Exercise: Within the listing below, give again exactly the lines between the one containing "These grids are" and the one containing "Сено, для одного", inclusive, pictures left aside.

Extracted information:
▽

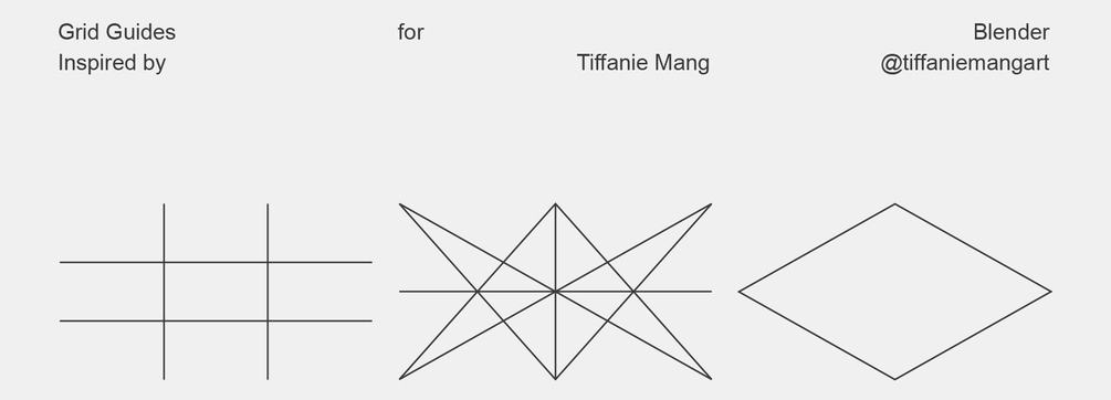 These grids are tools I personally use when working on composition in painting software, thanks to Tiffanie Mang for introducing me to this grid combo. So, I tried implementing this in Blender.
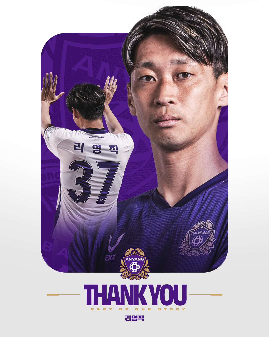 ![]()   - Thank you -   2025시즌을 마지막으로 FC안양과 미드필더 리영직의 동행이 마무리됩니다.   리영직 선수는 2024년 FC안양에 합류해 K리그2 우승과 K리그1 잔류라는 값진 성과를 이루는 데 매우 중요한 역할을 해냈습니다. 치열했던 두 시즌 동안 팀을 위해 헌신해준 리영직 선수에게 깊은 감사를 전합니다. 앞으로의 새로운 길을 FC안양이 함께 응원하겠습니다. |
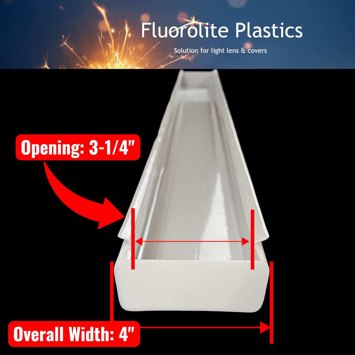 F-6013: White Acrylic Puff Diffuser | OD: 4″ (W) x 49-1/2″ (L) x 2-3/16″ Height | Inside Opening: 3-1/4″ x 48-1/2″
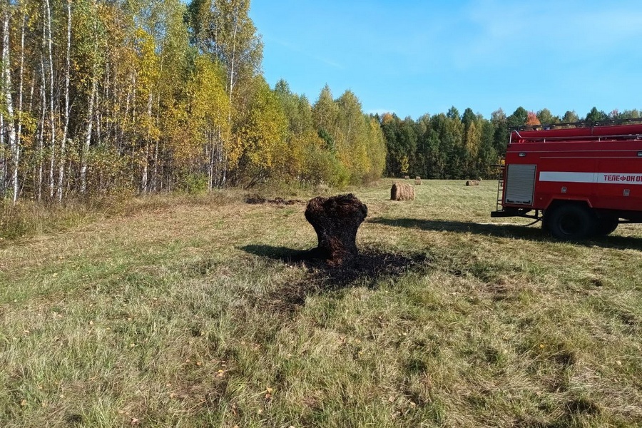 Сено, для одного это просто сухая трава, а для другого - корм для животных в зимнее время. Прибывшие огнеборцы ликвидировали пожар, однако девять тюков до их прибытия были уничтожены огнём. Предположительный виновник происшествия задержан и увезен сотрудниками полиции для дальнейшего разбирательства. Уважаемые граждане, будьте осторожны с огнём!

△
▽

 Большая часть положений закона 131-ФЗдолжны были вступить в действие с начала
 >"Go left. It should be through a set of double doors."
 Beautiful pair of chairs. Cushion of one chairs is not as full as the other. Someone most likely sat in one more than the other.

△
▽

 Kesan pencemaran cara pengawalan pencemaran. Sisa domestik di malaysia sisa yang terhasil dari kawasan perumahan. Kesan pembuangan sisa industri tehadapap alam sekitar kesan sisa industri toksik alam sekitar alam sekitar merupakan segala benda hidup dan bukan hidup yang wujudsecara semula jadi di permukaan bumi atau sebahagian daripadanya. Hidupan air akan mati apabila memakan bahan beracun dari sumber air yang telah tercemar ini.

△

Answer box:
 These grids are tools I personally use when working on composition in painting software, thanks to Tiffanie Mang for introducing me to this grid combo. So, I tried implementing this in Blender.
 ![]()   - Thank you -   2025시즌을 마지막으로 FC안양과 미드필더 리영직의 동행이 마무리됩니다.   리영직 선수는 2024년 FC안양에 합류해 K리그2 우승과 K리그1 잔류라는 값진 성과를 이루는 데 매우 중요한 역할을 해냈습니다. 치열했던 두 시즌 동안 팀을 위해 헌신해준 리영직 선수에게 깊은 감사를 전합니다. 앞으로의 새로운 길을 FC안양이 함께 응원하겠습니다. |
 F-6013: White Acrylic Puff Diffuser | OD: 4″ (W) x 49-1/2″ (L) x 2-3/16″ Height | Inside Opening: 3-1/4″ x 48-1/2″
 Сено, для одного это просто сухая трава, а для другого - корм для животных в зимнее время. Прибывшие огнеборцы ликвидировали пожар, однако девять тюков до их прибытия были уничтожены огнём. Предположительный виновник происшествия задержан и увезен сотрудниками полиции для дальнейшего разбирательства. Уважаемые граждане, будьте осторожны с огнём!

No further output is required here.